- **What this task involves**
Starting with the line that has "Haut-parleur/stroboscope mural protégé" and finishing with the line that has "Match Piłki Nożnej", set down each line below exactly. Pictures are not copied.

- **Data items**
##########
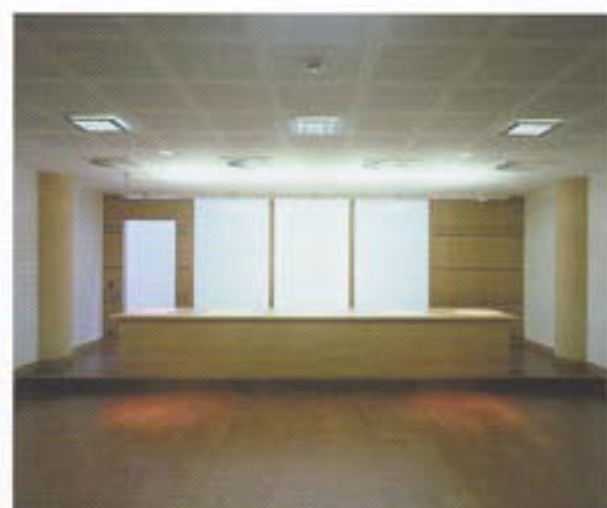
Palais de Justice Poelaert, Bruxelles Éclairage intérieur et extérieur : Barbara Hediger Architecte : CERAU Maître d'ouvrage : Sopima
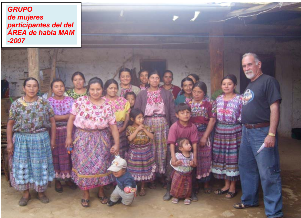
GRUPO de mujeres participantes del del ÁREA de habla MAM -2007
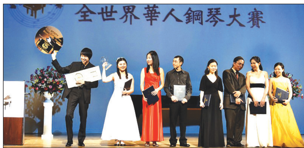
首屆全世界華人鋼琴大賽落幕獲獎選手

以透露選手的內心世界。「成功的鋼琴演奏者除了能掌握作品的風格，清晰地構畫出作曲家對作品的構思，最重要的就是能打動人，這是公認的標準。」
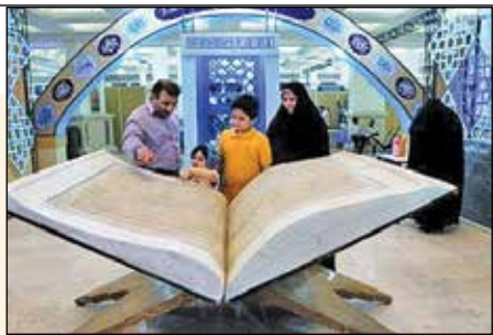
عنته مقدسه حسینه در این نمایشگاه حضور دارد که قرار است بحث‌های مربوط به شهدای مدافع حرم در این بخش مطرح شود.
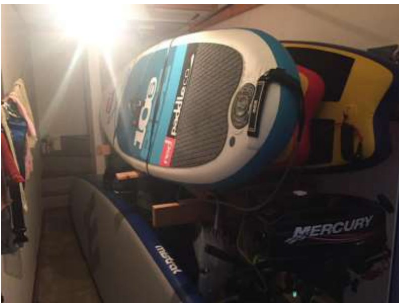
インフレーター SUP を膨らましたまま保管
##########
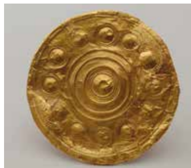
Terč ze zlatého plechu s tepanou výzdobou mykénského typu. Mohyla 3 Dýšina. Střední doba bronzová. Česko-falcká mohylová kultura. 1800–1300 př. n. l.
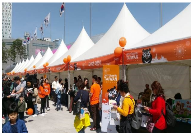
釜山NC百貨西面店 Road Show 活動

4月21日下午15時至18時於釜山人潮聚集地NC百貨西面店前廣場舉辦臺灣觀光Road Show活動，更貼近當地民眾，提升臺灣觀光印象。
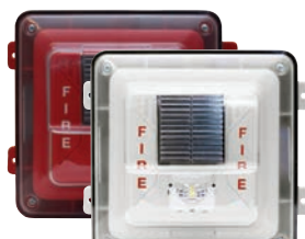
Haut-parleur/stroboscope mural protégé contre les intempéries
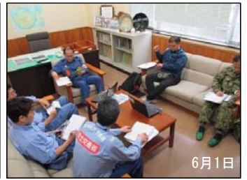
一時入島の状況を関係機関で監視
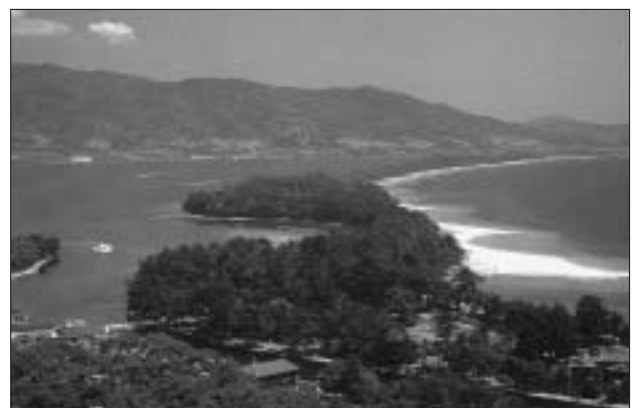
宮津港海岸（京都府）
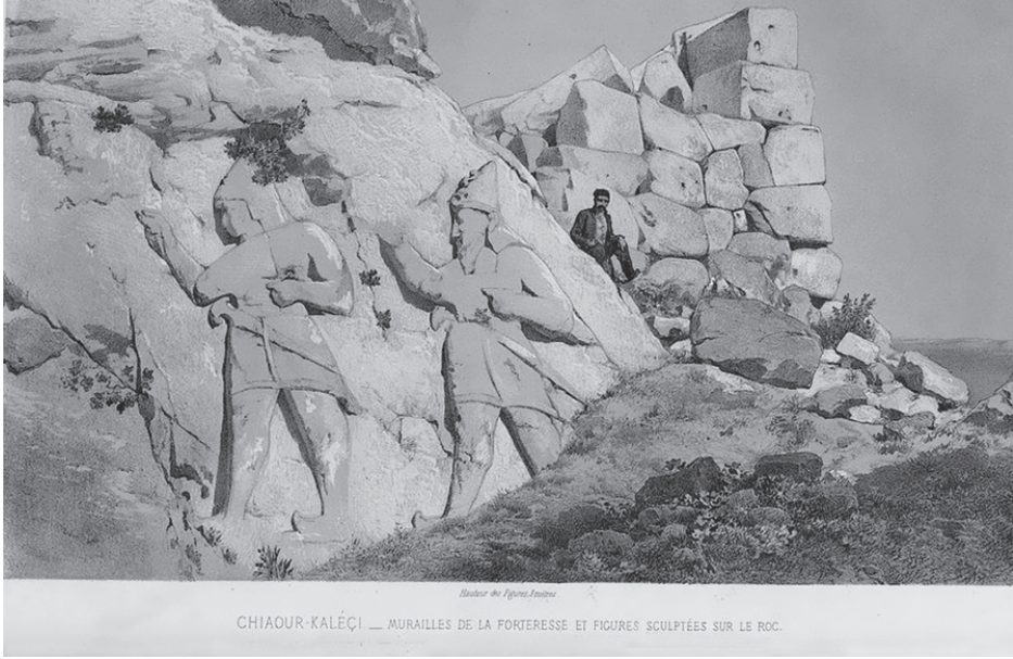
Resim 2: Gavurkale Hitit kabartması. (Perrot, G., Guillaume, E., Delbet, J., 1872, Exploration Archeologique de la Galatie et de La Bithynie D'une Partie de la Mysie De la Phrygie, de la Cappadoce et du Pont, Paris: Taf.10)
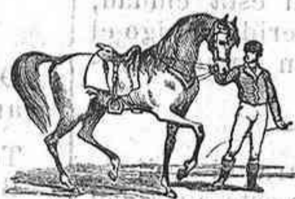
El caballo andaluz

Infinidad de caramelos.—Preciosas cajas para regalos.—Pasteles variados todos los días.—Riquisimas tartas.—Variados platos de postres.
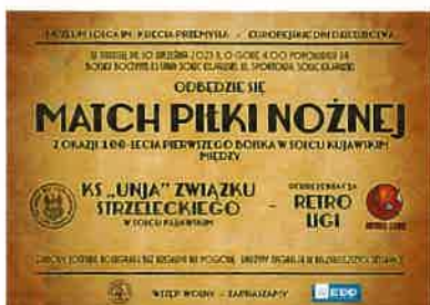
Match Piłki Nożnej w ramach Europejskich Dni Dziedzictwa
##########
- **Expected answer**
Haut-parleur/stroboscope mural protégé contre les intempéries
一時入島の状況を関係機関で監視
宮津港海岸（京都府）
Resim 2: Gavurkale Hitit kabartması. (Perrot, G., Guillaume, E., Delbet, J., 1872, Exploration Archeologique de la Galatie et de La Bithynie D'une Partie de la Mysie De la Phrygie, de la Cappadoce et du Pont, Paris: Taf.10)
El caballo andaluz

Infinidad de caramelos.—Preciosas cajas para regalos.—Pasteles variados todos los días.—Riquisimas tartas.—Variados platos de postres.
Match Piłki Nożnej w ramach Europejskich Dni Dziedzictwa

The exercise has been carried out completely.